Y el regreso es maduro, más profundo, enfrentando un tema del que poco se habla: las drogas. Con un acercamiento muy argentino, real y nada melodramáico, Kamín y su coguionista Adriana Man plantean una sociedad dividida entre un grupo de adolescentes desempleados, y drogadictos, y unos mayores, no mucho más coherentes, aunque seguramente más hipócritas.
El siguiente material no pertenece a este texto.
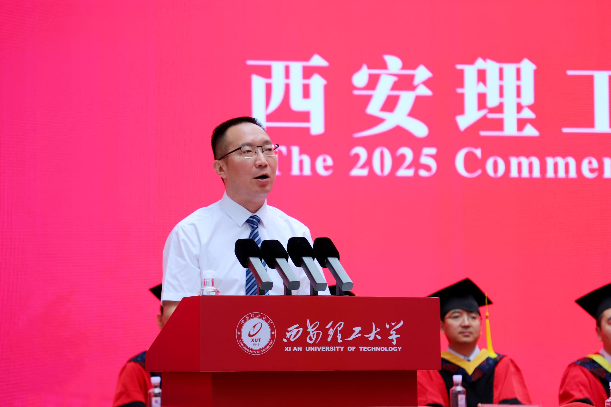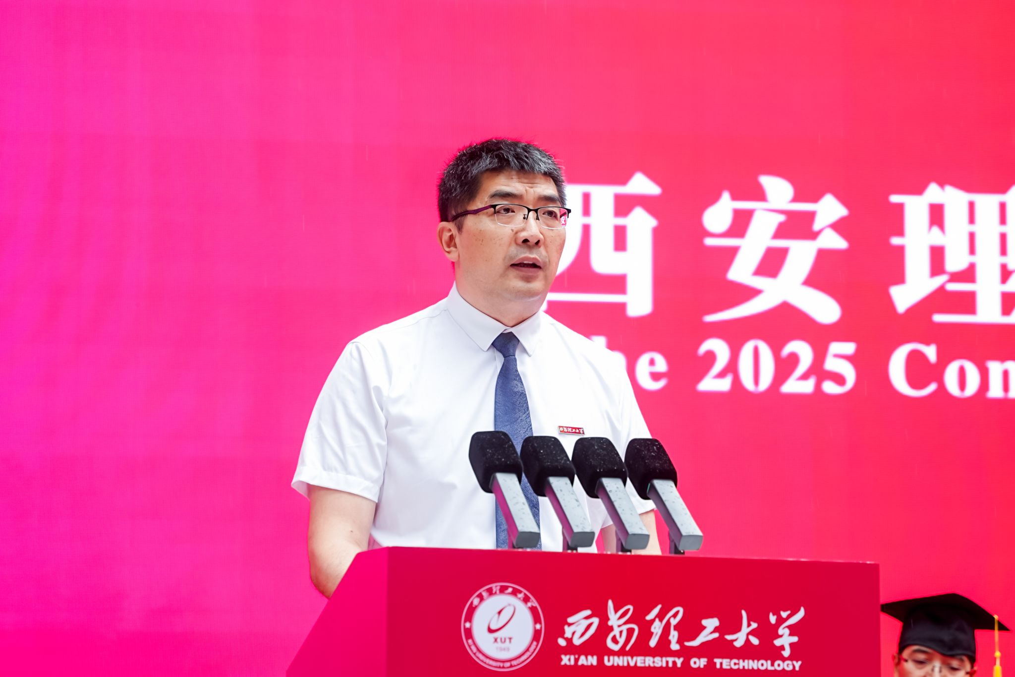 刘云贺代表学校全体师生员工,向顺利完成学业的2025届毕业生表示热烈的祝贺、送上真挚的祝愿,向一直以来悉心培养和陪伴同学们的师友和家人致以崇高的敬意和衷心的感谢。他回顾了学校近年来取得的标志性发展成就,回忆了同学们在学校度过的美好时光,对同学们在校期间收获的成长与蜕变、展现出的担当与付出,以及面向未来的自信与坚定表示肯定,为同学们感到骄傲和自豪。

Los protagonistas, de mundos aparentemente diferentes, son Vito -impecable y revelador trabajo que consagra a Mariano Torre como uno de los actores jóvenes con más proyección- y a la “Torda”, la doctora, una segura y maleable Silvina Segundo. Ellos son vecinos, él aspirante a futbolista abandonado a las drogas; ella madre de familia traicionada por un marido del cual se separa (Mario Pasik) y aferrada a una piola amiga fiel (Verónica Llinás). Entre ellos dos irán mostrando las historias de este barrio poblado por la bandita de la plaza, en la que destacan la “gorda” motoquera –una maravillosa Vanesa Wainberg, que ya había descollado como la hija de Pinti en “Arregui”-, y el gringo, un pastillero adicto a los fierros, muy bien interpretado por Javo Rocha. Entre las madres de ambos, representantes de las dos clases sociales, aportan su oficio y algo más, en la pobreza Leonor Manso, y en la riqueza Cristina Banegas.
Vito no puede volver al fútbol ni abandonar las drogas, la doctora se recibe y encausa su nueva vida. Y entre estos dos personajes, muy bien apoyados, en la profundidad de la composición de todos los miembros de la banda, se irán entremezclando las historias y nos llevarán en un duro entretenimiento, muy bien contado por una cámara ágil y experta.
Un regreso más que elocuente para Kamín, que deja sin respuestas los planteos del film, y con el cual uno se pregunta por qué tardó tanto en volver a filmar, si puede hacerlo de esta manera.